* Task prompt *
The data below should be restated word for word, pictures omitted.

* Data extract *
/---

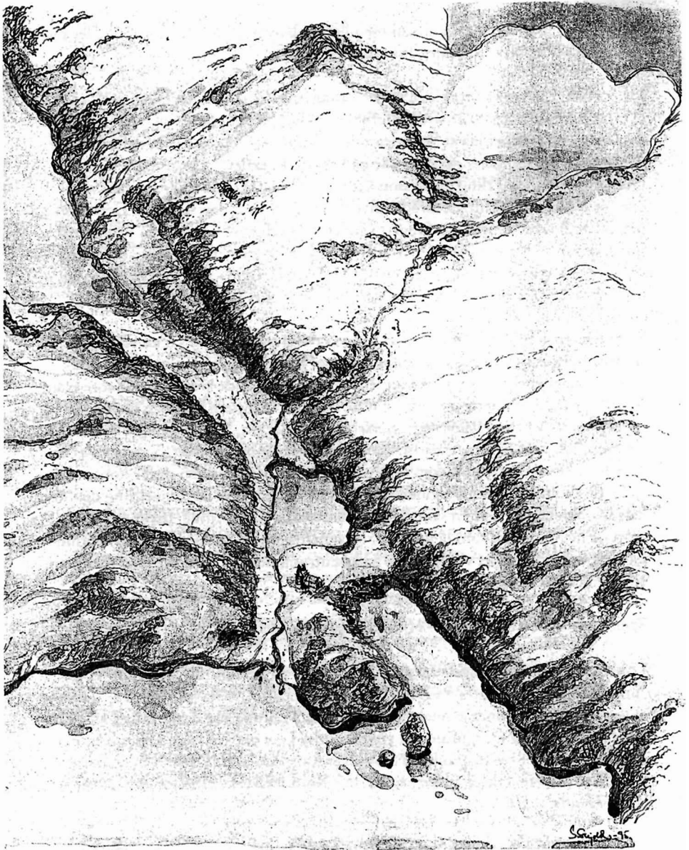
Skissen viser en rekonstruksjon av det opprinnelige Landskap ca år 1350 e. Kr. Utført av landskapsarkitekt Sveinung Skjold for Stedsanalyse Stavanger sentrum 1994.
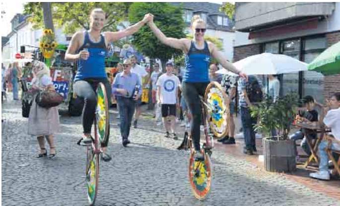
Arkobatisch unterwegs: Kunstradfahrerinnen der Radsportfreunde Duisdorf.

der strahlenden Weinkönigin. Die wurde von allen Zuschauer bejubelt, ganz besonders aber von ihrer Fangruppe, die sich mit einem großen Stand vor der Rochuskirche postiert hatte. Am Ende fanden sich alle Teilnehmer im großen Festzelt am Schickshof ein. Bei einer After-Zoch-Party wurde hier bis in die Abendstunden hinein kräftig weitergefeiert. CSH
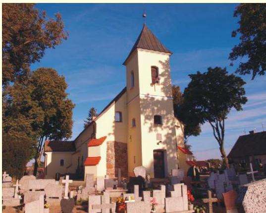
Kaplica Bł. Marii Karłowskiej

\---

* Solution for this exercise *
Skissen viser en rekonstruksjon av det opprinnelige Landskap ca år 1350 e. Kr. Utført av landskapsarkitekt Sveinung Skjold for Stedsanalyse Stavanger sentrum 1994.
Arkobatisch unterwegs: Kunstradfahrerinnen der Radsportfreunde Duisdorf.

der strahlenden Weinkönigin. Die wurde von allen Zuschauer bejubelt, ganz besonders aber von ihrer Fangruppe, die sich mit einem großen Stand vor der Rochuskirche postiert hatte. Am Ende fanden sich alle Teilnehmer im großen Festzelt am Schickshof ein. Bei einer After-Zoch-Party wurde hier bis in die Abendstunden hinein kräftig weitergefeiert. CSH
Kaplica Bł. Marii Karłowskiej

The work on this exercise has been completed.